Source: (Schlemper et al., 2017)
Update the DeepNetMriclass and load a pretrained model.
[20]:
from scipy.io import loadmat
from deepnet_mri import DeepNetMRI
[21]:
with open('configs/exp_deepnetmri.yaml', 'r') as file:
cfg = yaml.safe_load(file)
model_cfg = cfg['model']
model = ...
[21]:
<All keys matched successfully>
We are going to use a cardiac MRI sample.
[73]:
data = loadmat(os.path.join(cfg['exp_folder'], 'x0.mat'))
target_image = data['x0'][0] + data['x0'][1] * 1j
target_image = torch.as_tensor(target_image)
mask = loadmat(os.path.join(cfg['exp_folder'], 'mask.mat'))
mask = torch.as_tensor(mask['mask'][0]).long() == 1
mask = torch.fft.fftshift(mask)
[74]:
fig = plt.figure()
plt.imshow(torch.abs(target_image), cmap='gray')
plt.show()
In the exp_fig_3 folder are worst-case perturbations, i.e., noise optimized to distort the prediction of the model while being as small as possible. Apply those perturbations to the data. Are those perturbations visible in image space? Is the CNN unstable or does it hallucinate?
[75]:
def noisy_measurement(kspace: torch.Tensor, mask: torch.Tensor, noise: torch.Tensor = None, return_target = False):
"""Simulates a noisy MRI measurement.
"""
...
return obs_kspace, obs_image
def deprocess_obs(x):
"""Prepare observation data for plots.
"""
if x.device == 'cuda':
x = x.cpu()
if x.shape[0] == 1:
x = x.squeeze(0)
...
return x
def deprocess_rec(x):
"""Prepare reconstruction for plots.
"""
...
return x
def deprocess_target(x):
"""Prepare target data for plots.
"""
...
return x
[76]:
target_kspace = torch.fft.fftshift(torch.fft.fftn(target_image))

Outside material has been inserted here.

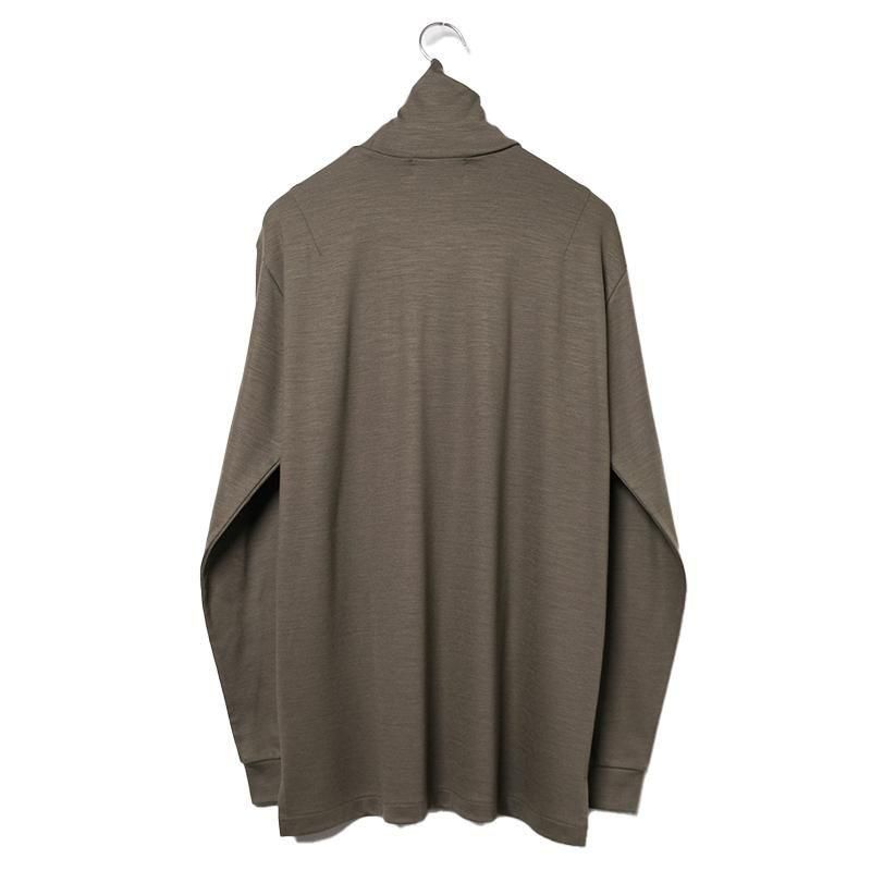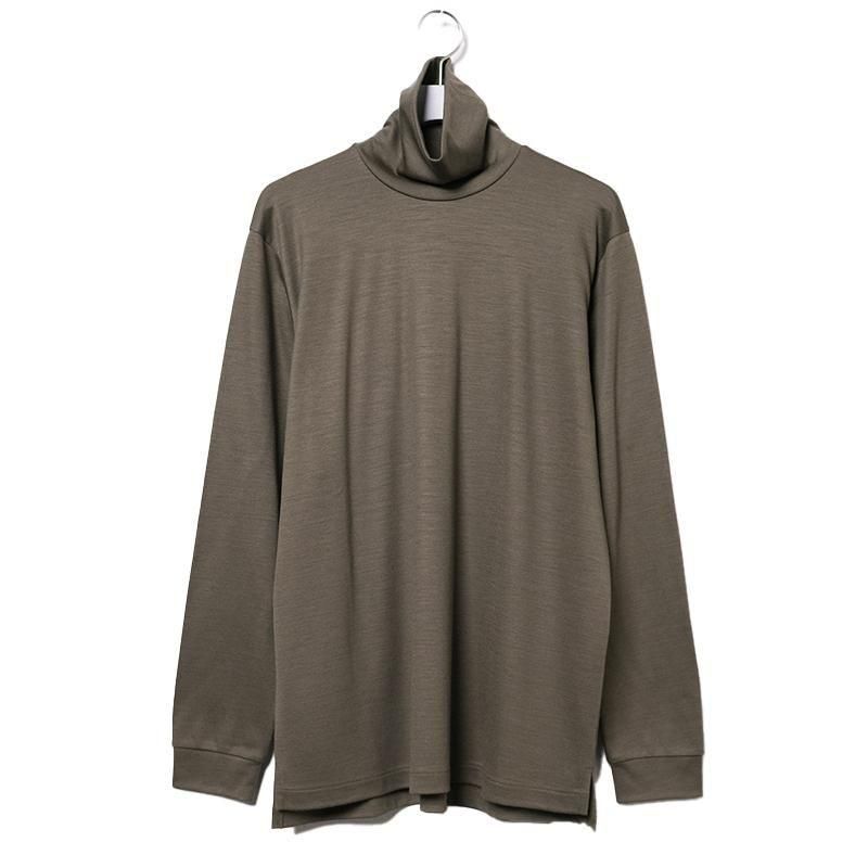 直接肌に触れても心地よいコンパクトなサイズ感のタートルネックのカットソー。素材には、ウール糸SUPER120'Sスーパーエクストラファインメリノウール糸を使用しており、触れていただくだけで良い素材を使用しているのが分かると思います。もちろん直接肌に触れてもまったくチクチク感のない、ソフトでしなやかなタッチになります。薄手なので、単体での着用はもちろんジャケットやコートの中に仕込んでもだぶつかず、さらりと着用して頂けます。秋から春までの長い間、活躍する上質なカットソーです。裾にスリットがデザインされており、上品な雰囲気に仕立てられています。

noise1 = torch.load(os.path.join(cfg['exp_folder'], 'worst_case_perturbation.pt'))
noise2 = torch.load(os.path.join(cfg['exp_folder'], 'worst_case_perturbation_zone_1.pt'))
noise3 = torch.load(os.path.join(cfg['exp_folder'], 'worst_case_perturbation_zone_2.pt'))
obs_kspace, obs_image = noisy_measurement(target_kspace, mask)
obs_kspace1, obs_image1, target_image1 = noisy_measurement(target_kspace, mask, noise1, return_target=True)
obs_kspace2, obs_image2, target_image2 = noisy_measurement(target_kspace, mask, noise2, return_target=True)
obs_kspace3, obs_image3, target_image3 = noisy_measurement(target_kspace, mask, noise3, return_target=True)
[77]:
with torch.no_grad():
rec = model(obs_image, obs_kspace, mask)
rec1 = model(obs_image1, obs_kspace1, mask)
rec2 = model(obs_image2, obs_kspace2, mask)
rec3 = model(obs_image3, obs_kspace3, mask)
[78]:
target_image = deprocess_target(target_image)
target_image1 = deprocess_target(target_image1)
target_image2 = deprocess_target(target_image2)
target_image3 = deprocess_target(target_image3)
min_val, max_val = target_image.min(), target_image.max()
[79]:
from matplotlib.patches import Ellipse
fig, ax = plt.subplots(4, 3, figsize=(15, 15))
ax[0, 0].imshow(deprocess_obs(obs_image), cmap='gray', vmin=min_val, vmax=max_val)
ax[0, 1].imshow(deprocess_rec(rec), cmap='gray', vmin=min_val, vmax=max_val)
ax[0, 2].imshow(target_image, cmap='gray', vmin=min_val, vmax=max_val)
ax[0, 0].set_title('Observation in image space')
ax[0, 1].set_title('Reconstruction in image space')
ax[0, 2].set_title('(Noisy) target in image space')
ax[1, 0].imshow(deprocess_obs(obs_image1), cmap='gray', vmin=min_val, vmax=max_val)
ax[1, 1].imshow(deprocess_rec(rec1), cmap='gray', vmin=min_val, vmax=max_val)
ax[1, 2].imshow(target_image1, cmap='gray', vmin=min_val, vmax=max_val)
ax[2, 0].imshow(deprocess_obs(obs_image2), cmap='gray', vmin=min_val, vmax=max_val)
ax[2, 1].imshow(deprocess_rec(rec2), cmap='gray', vmin=min_val, vmax=max_val)
ax[2, 2].imshow(target_image2, cmap='gray', vmin=min_val, vmax=max_val)
ellipse = Ellipse((240, 200), width=50, height=40, edgecolor='red', facecolor='none', linewidth=1)
ax[2, 1].add_patch(ellipse)
ax[3, 0].imshow(deprocess_obs(obs_image3), cmap='gray', vmin=min_val, vmax=max_val)
ax[3, 1].imshow(deprocess_rec(rec3), cmap='gray', vmin=min_val, vmax=max_val)
ax[3, 2].imshow(target_image3, cmap='gray', vmin=min_val, vmax=max_val)
ellipse = Ellipse((91, 160), width=20, height=20, edgecolor='red', facecolor='none', linewidth=1)
ax[3, 1].add_patch(ellipse)
fontsize=14
ax[0, 0].set_ylabel('w/o noise', fontsize=fontsize)
ax[1, 0].set_ylabel('w/ noise: worst-case 1', fontsize=fontsize)
ax[2, 0].set_ylabel('w/ noise: worst-case 2', fontsize=fontsize)
ax[3, 0].set_ylabel('w/ noise: worst-case 3', fontsize=fontsize)
plt.show()
Finally, write a script to compute new worst-case perturbations.